━━━━━ Material shown ━━━━━
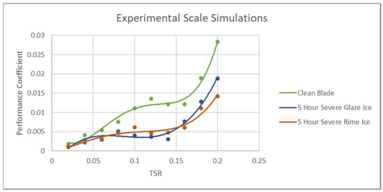 Scale simulations were performed to compare with experimental results for the 5-h severe rime and glaze ice. The performance curves can be seen in Figure 21. The simulations focused on low TSRs, as the TSRs used in the experiment are expected to be low due to a smaller radius and assuming a reasonable rotational speed. These curves showed a similar decrease in performance to that found in the full TSR range.
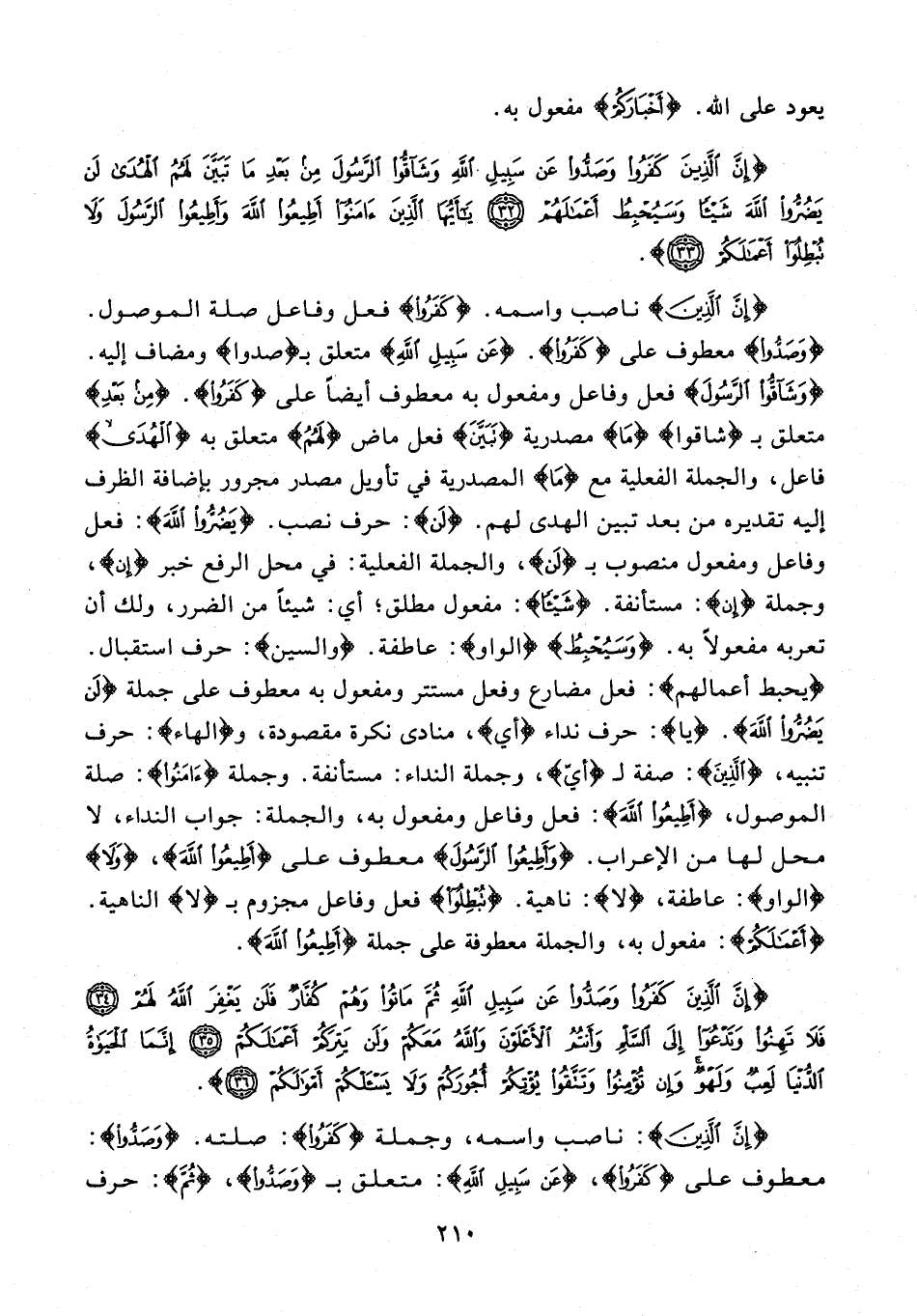 {إن الذين} ناصب واسمه. {كفروا} فعل وفاعل صلة الموصول. {وصدوا} معطوف على {كفروا}. {عن سبيل الله} متعلق بـ {صدوا} ومضاف إليه. {وشاقوا الرسول} فعل وفاعل ومفعول به معطوف أيضًا على {كفروا}. {من بعد} متعلق بـ {شاقوا} {مَا} مصدرية {تبين} فعل ماض {لهم} متعلق به {الهدى} فاعل، والجملة الفعلية مع {مَا} المصدرية في تأويل مصدر مجرور بإضافة الظرف إليه تقديره من بعد تبين الهدى لهم. {لَن}: حرف نصب. {يضروا الله}: فعل وفاعل ومفعول منصوب بـ {لن}، والجملة الفعلية: في محل الرفع خبر {إن}، وجملة {إن}: مستأنفة. {شيئًا}: مفعول مطلق؛ أي: شيئًا من الضرر، ولك أن تعربه مفعولًا به. {وسيحبط} {الواو}: عاطفة. {والسين}: حرف استقبال. {يحبط أعمالهم}: فعل مضارع وفعل مستتر ومفعول به معطوف على جملة {لَن يضروا الله}. {يا}: حرف نداء {أي}، منادى نكرة مقصودة، و {الهاء}: حرف تنبيه، {الذين}: صفة لـ {أيّ}، وجملة النداء: مستأنفة. وجملة {آمَنُوا}: صلة الموصول، {أطيعوا الله}: فعل وفاعل ومفعول به، والجملة: جواب النداء، لا محل لها من الإعراب. {وأطِيعُوا اَلرسُولَ} معطوف على {أَطِيعُوا اللهَ}، {وَلَا} {الواو}: عاطفة، {لا}: ناهية. {تبطلوا} فعل وفاعل مجزوم بـ {لا} الناهية. {أعمالكم}: مفعول به، والجملة معطوفة على جملة {أَطيعوا الله}.
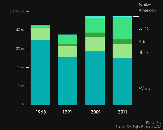 The widening divide in America’s school system has taken place despite a dramatic shift in enrollment trends. Consider that from 1968 to 2011, enrollment among white students fell 28 percent, but grew by 19 percent among black students and a whopping 495 percent among Latinos. By 2011, Latinos had become the most segregated minority group in U.S. schools, even though they accounted for roughly 25 percent of the nation’s 48.7 million public school students. The typical Latino student now attends a school that’s nearly 57 percent Latino, more segregated than blacks and Asians.
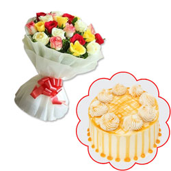 Delicious Round shape Butterscotch cake - 1kg + 21 mixed roses flower bouquet along with fillers wrapped in 2 layers wit...
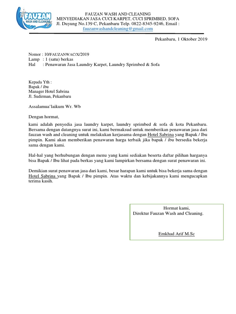 Semoga berguna untuk anda. Maka dari itu akan sangat baik jika anda memberikan contoh surat penawaran jasa laundry kepada mereka. Artikel ini bisa menjadi referensi anda ketika anda bingung memilih format yang tepat untuk surat penawaran anda. 15 contoh surat penawaran jasa yang baik dan paling lengkap dalam menjalankan sebuah perusahaan tentu akan sangat sering menggunakan surat niaga. Contoh surat penawaran jasa laundry hotel ini adalah contoh sesungguhnya bukan rekayasa. Proposal ini dirasa cukup penting disaat kita ingin memperluas cakupan konsumen tidak hanya konsumen personal.
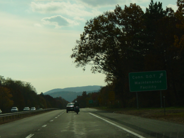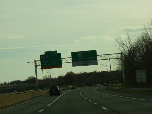 The Wilbur Cross Parkway splits off from I-91 and runs southwest. There is an unnumbered exit for the Connecticut DOT Maintenance Facility.
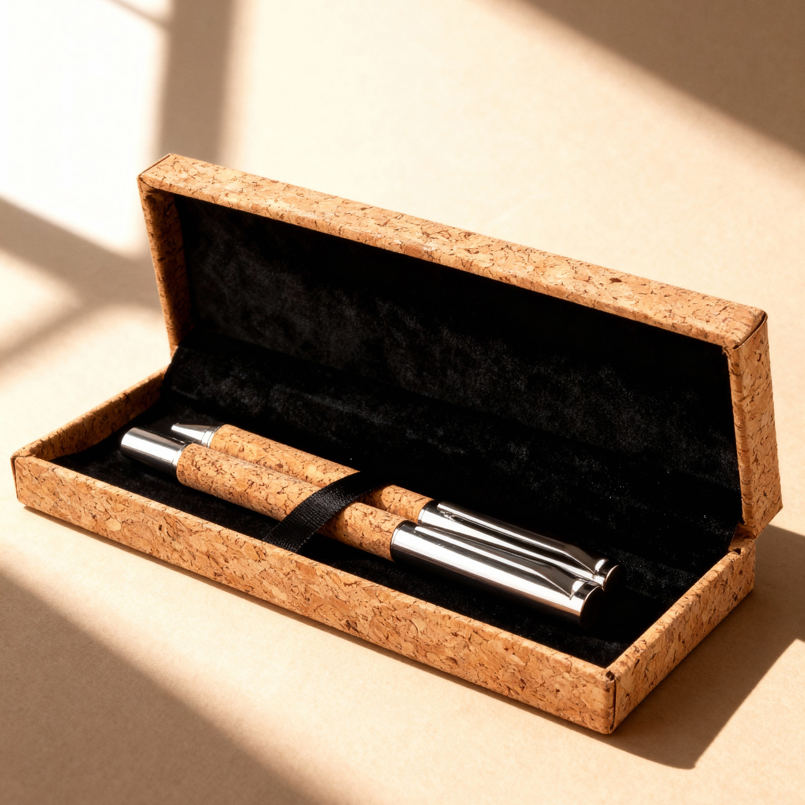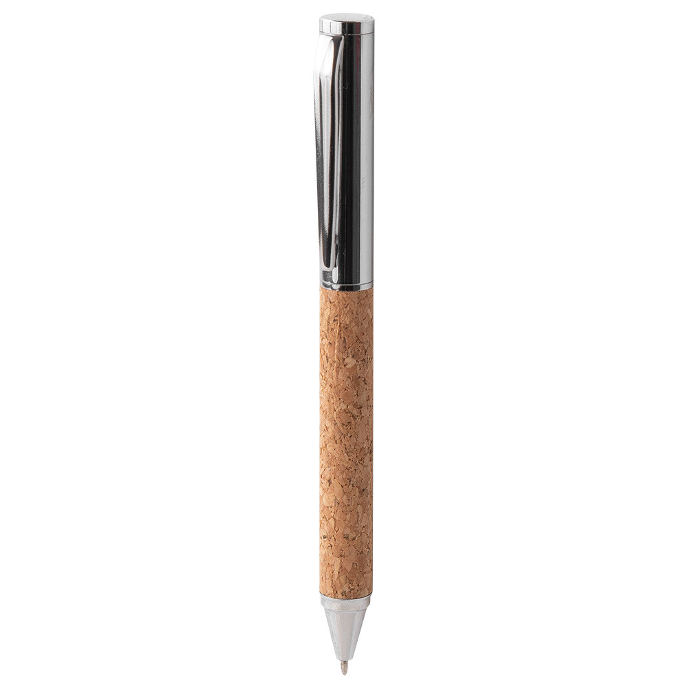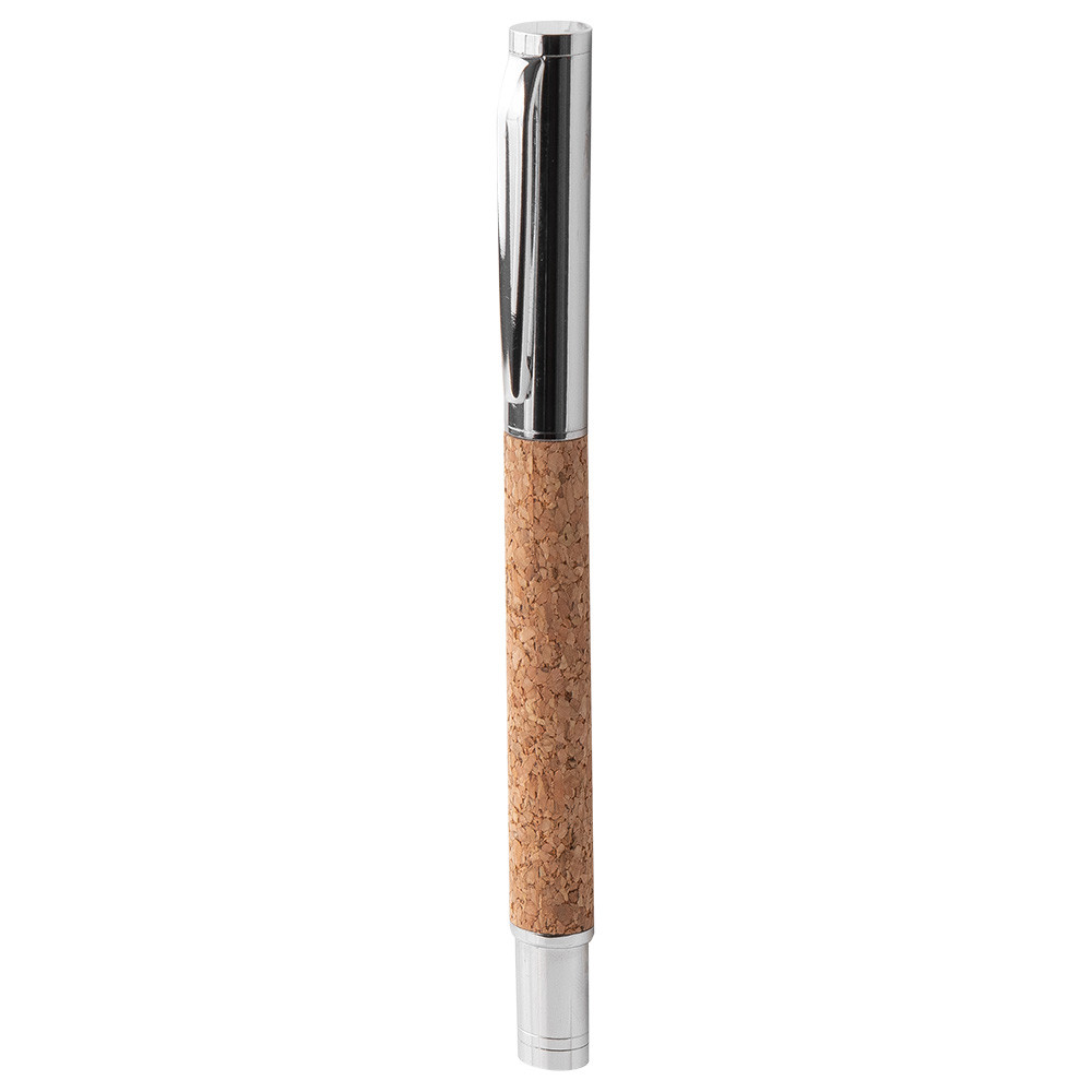 Conjunto de cortiça com esferográfica e roller, ambos com corpo metálico e cortiça. Esferográfica Twist com tinta azul e roller com tampa e tinta preta.
━━━━━
Starting at the line that contains "The Wilbur Cross", reproduce each line exactly through the end of the entries above, leaving every picture out.

 The Wilbur Cross Parkway splits off from I-91 and runs southwest. There is an unnumbered exit for the Connecticut DOT Maintenance Facility.
 Conjunto de cortiça com esferográfica e roller, ambos com corpo metálico e cortiça. Esferográfica Twist com tinta azul e roller com tampa e tinta preta.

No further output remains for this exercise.